Reabold agrees €16 million earn out deal for Colle Santo gas project

Published 07/10/2025, 08:00
Reabold agrees €16 million earn out deal for Colle Santo gas project

LONDON - Reabold Resources plc has entered into a conditional agreement with Beacon Energy PLC to sell its entire 46.2% stake in LNEnergy Limited, according to a press release issued Tuesday.

The transaction includes an earn out mechanism valued at up to €16 million, through which Reabold will receive 25% of its pro rata share of net cash flow from the Colle Santo gas project in Italy once production begins. Additionally, Reabold will hold approximately 29% of Beacon’s enlarged share capital following the deal.

The transaction will complete in two phases, with the first acquisition of approximately 49% of Reabold’s LNEnergy holding expected to close in November 2025. The second phase, covering the remaining stake, is anticipated to complete in mid-2026, conditional upon receiving the Colle Santo production concession and necessary regulatory approvals.

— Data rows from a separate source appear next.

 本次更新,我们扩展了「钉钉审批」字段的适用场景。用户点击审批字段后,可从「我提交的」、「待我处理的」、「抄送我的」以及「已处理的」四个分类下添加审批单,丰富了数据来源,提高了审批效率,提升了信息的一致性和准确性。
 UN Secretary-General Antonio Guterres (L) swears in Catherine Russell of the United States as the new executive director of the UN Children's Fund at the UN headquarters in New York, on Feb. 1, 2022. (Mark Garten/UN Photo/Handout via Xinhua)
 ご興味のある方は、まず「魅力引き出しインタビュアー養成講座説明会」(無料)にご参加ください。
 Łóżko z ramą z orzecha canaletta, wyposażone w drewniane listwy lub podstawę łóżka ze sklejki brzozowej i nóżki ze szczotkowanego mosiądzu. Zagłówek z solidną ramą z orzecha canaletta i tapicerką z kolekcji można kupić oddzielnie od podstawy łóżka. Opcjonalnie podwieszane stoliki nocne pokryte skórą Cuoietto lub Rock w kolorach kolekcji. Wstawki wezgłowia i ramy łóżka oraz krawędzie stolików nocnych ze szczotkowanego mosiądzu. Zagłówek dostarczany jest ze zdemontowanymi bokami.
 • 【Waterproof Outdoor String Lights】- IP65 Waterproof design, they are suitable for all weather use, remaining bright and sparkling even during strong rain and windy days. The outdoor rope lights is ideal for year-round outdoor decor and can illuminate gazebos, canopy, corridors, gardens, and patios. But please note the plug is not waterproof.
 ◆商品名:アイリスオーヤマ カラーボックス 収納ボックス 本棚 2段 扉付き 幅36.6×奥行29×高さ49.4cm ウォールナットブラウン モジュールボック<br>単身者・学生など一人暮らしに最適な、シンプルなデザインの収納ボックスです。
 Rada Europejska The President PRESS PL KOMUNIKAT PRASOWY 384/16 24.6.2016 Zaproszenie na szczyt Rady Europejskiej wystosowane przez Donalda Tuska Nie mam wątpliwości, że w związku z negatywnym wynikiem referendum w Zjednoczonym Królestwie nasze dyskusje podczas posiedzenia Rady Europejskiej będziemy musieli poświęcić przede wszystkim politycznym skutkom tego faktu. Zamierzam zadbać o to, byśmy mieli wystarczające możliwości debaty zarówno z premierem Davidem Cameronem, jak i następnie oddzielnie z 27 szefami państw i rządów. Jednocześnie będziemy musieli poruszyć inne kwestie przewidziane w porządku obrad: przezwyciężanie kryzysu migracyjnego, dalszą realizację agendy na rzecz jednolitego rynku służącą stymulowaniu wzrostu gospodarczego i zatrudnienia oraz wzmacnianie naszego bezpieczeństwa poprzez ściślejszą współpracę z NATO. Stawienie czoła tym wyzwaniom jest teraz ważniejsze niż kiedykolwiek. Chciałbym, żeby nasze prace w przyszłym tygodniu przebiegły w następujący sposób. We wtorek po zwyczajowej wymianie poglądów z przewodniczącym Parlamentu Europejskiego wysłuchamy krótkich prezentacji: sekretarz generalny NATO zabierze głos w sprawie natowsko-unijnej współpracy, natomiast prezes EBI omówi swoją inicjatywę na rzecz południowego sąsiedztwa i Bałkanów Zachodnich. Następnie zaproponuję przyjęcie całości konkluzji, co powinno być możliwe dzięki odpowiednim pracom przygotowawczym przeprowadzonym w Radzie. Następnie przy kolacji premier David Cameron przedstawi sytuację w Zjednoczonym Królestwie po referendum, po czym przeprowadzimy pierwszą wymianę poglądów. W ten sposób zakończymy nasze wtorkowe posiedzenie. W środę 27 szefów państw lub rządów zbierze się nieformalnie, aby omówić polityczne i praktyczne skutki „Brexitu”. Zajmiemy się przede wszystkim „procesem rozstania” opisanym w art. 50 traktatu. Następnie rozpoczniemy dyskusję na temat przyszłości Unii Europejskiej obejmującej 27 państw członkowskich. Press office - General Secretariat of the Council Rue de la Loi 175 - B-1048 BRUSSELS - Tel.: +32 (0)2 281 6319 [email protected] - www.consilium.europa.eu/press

Beacon plans to seek admission to AIM and conduct a £3.5 million placing to finance the Colle Santo project through to final investment decision (FID) and toward first production. Reabold has committed to invest £750,000 in the placing.

The Colle Santo development is targeting FID in mid-2026 with first gas expected in 2027. The project has non-binding funding agreements in place with Italfluid for vendor financing and with Gunvor for a prepay and offtake arrangement, with potential government grants also being explored.

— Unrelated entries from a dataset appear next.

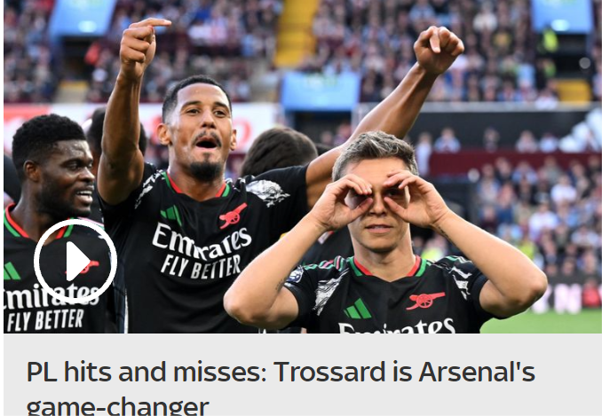 英超第2轮,替补出场的特罗萨德帮助球队打破僵局,最终帮助阿森纳2-0客场击败维拉,迎来开局两连胜。
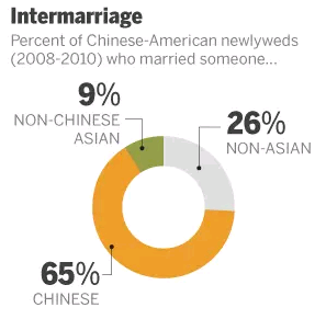 12)在结婚伴侣的选择上,65% 的华人还是选择了华人。9% 与其他亚洲人结婚,26% 的人与非亚裔结为伴侣。
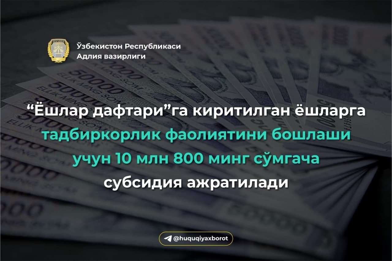 “Ёшлар дафтари”га киритилган ёшларга тадбиркорлик фаолиятини бошлаш ва ўзини ўзи банд қилишга зарур бўлган асбоб-ускуналар ва меҳнат қуролларини харид қилиш учун БҲМнинг 40 бараваридан кўп бўлмаган миқдорда “Ёшлар дафтари” жамғармалари ҳисобидан субсидия ажратилади (https://lex.uz/docs/5382151).
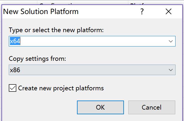 9. Select x64 in "Type or select the new platform:" , then click OK.
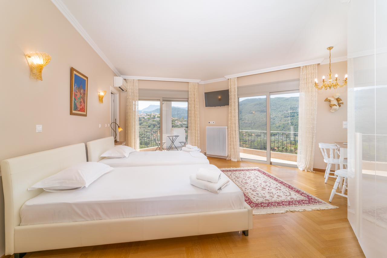 The wonderful outdoor space offers an infinity pool of 50 sq. m, a stone-built BBQ, parking area, where you can enjoy the relaxing views of the sea, the mountain, and the old castle of the island.

Stephen Williams, Co-CEO of Reabold, stated that the transaction "crystalised value from the Colle Santo gas project" while protecting shareholders from "any further funding requirement, increased development costs or dilution in the asset."

The agreement follows Reabold’s strategy of developing strategic gas projects for European energy security, similar to its recently monetized Victory gas project in the UK.